Denn auf die Krim-Krise folgten die russische Unterstützung der Separatisten im Osten der Ukraine und die mehrmaligen Der russische Staatschef, Wladimir Putin, Vetos gegen UNO-Resolutionen gegen den von Russland unterstützten syrischen Herrscher Bashar al-Assad. Der Höhepunkt dieser Spannungen wurde erreicht, als Macrons Vorgänger Francois¸ Hollande die Auslieferung von bereits bezahlten Schiffen an die russische Marine stoppte und den zur Einweihung einer russisch-orthodoxen Kathedrale in Paris erwarteten Putin auslud.

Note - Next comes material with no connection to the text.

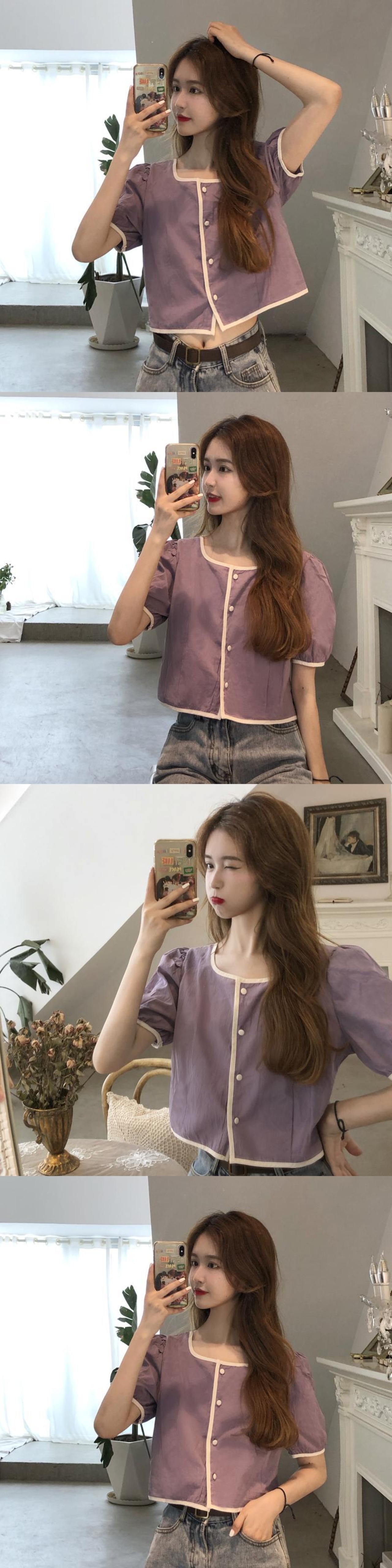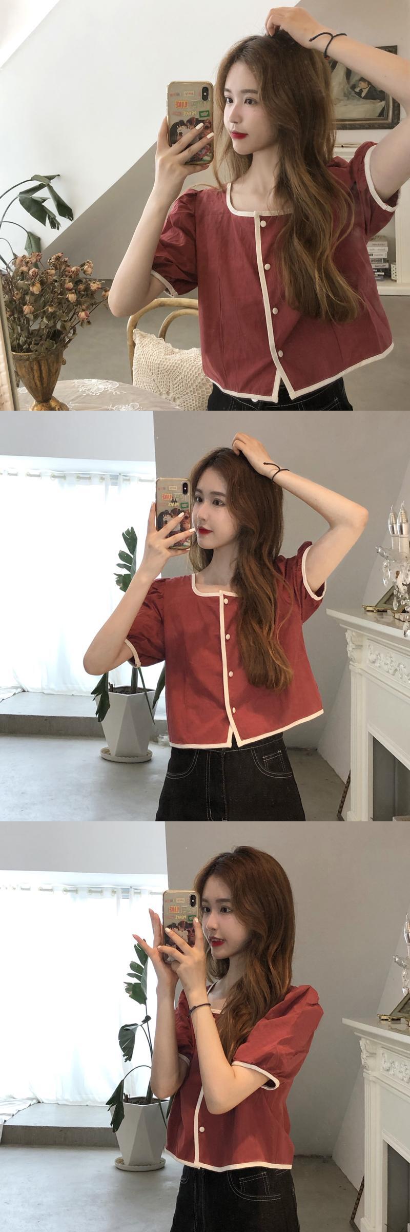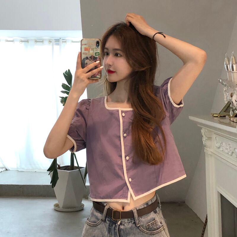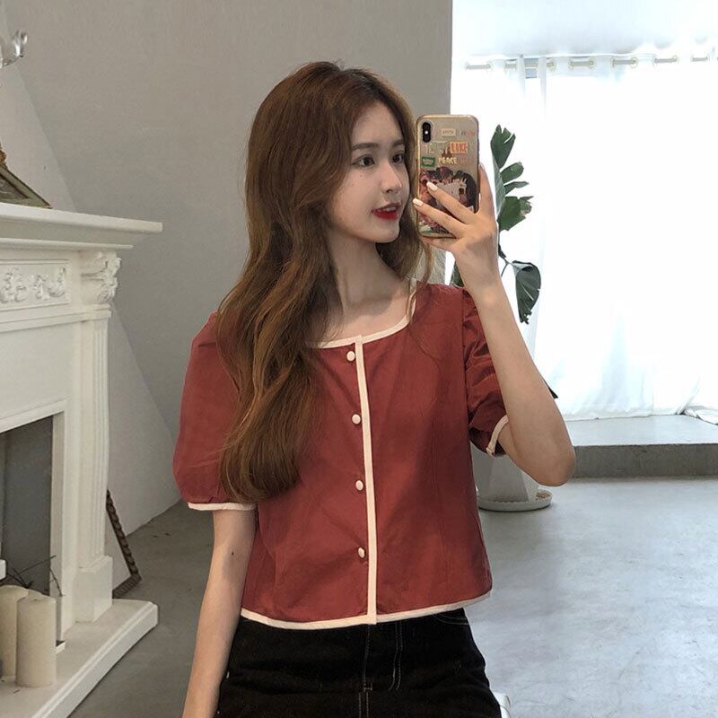 スタンダードカラーショートルーズスリーブトップス 夏服シャツ レトロ 夏物 スクウェア Marchs44069710320

Weniger bekannt in der Öffentlichkeit ist auch das Seilziehen um die Entschädigung der vom russischen Staat enteigneten Aktionäre des Erdölkonzerns Yukos. Es geht dabei um 50 Milliarden Dollar und die mögliche Beschlagnahmung russischer Guthaben durch die französische Justiz. Die russische Führung droht für diesen Fall mit Vergeltungsmaßnahmen. In keiner dieser Fragen hat Macron irgendeinen Hinweis auf eine Bereitschaft zum Nachgeben gegeben. Noch auf dem G7-Treffen in Taormina hat er die Notwendigkeit der Sanktionen gegen Russland verteidigt.
Putin zeigte sich „entzückt“
Diese Streitfragen standen nicht wirklich im Zentrum des Treffens von Versailles. Sie werden eher im multilateralen Rahmen oder, was die Ukraine betrifft, zusammen mit Deutschland bei den Treffen im Normandie-Format erörtert. Für Macron ging es mehr darum, seinen Gast mit dem Prunk von Versailles zu beeindrucken und ihm zu zeigen, dass er mit ihm in Paris – und in Europa – einen Gesprächspartner hat, aber einen, der sich nicht einschüchtern lässt.

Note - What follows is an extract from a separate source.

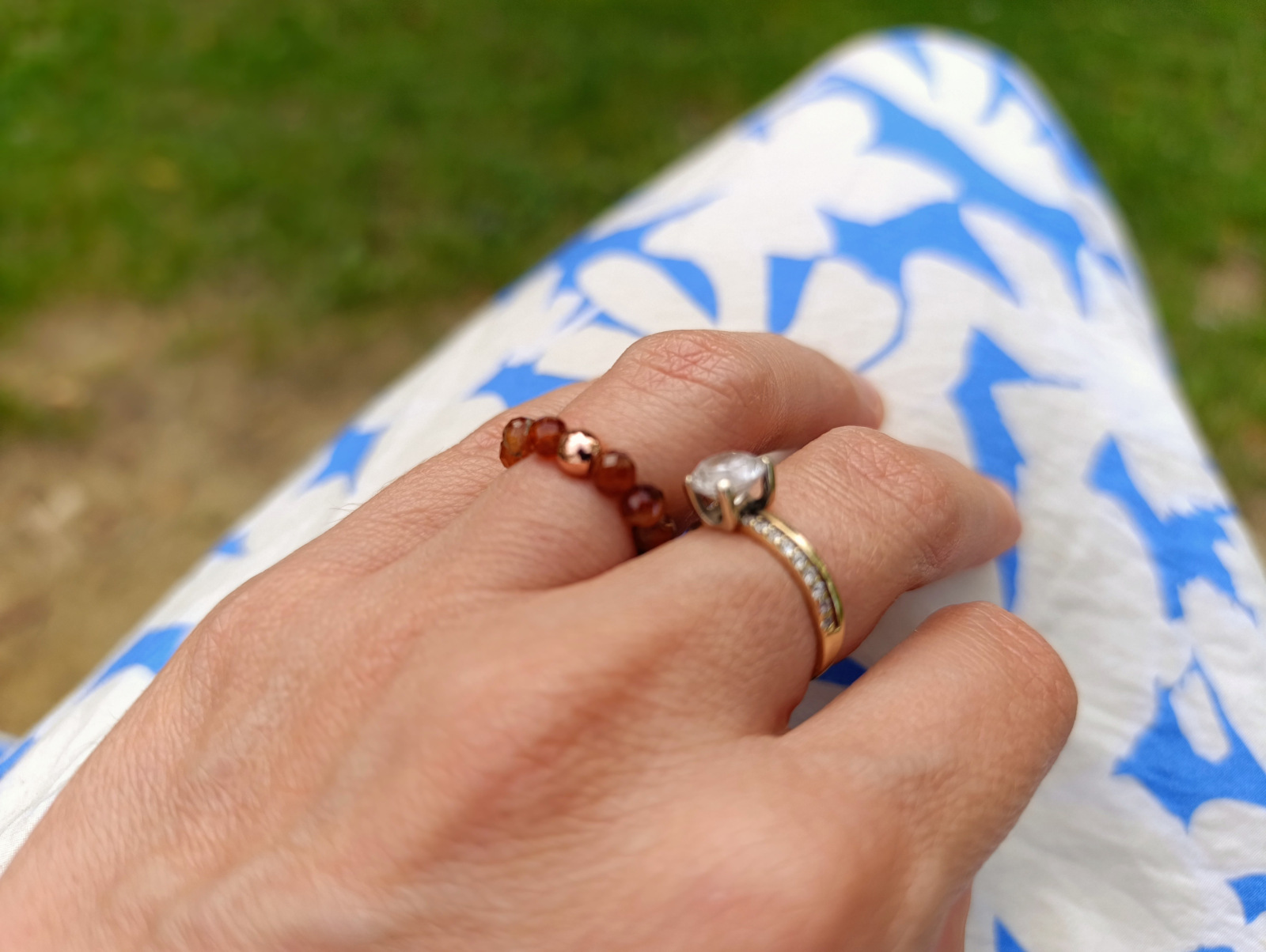 Energetický minerálny prsteň z prírodných kameňov, navlečených na pružnom silikónovom lanku.

Putin erklärte, er sei entzückt vom Empfang in diesem prächtigen Rahmen voller Symbole. Macron hat mit diesem Empfang am Ende mehrerer internationaler Treffen seinen diplomatischen Einstand gegeben. Und in den französischen Medien herrscht die Meinung vor, dass es ein „fehlerfreies“Debüt war, das eine Rückkehr Frankreichs auf die internationale Bühne einleiten soll.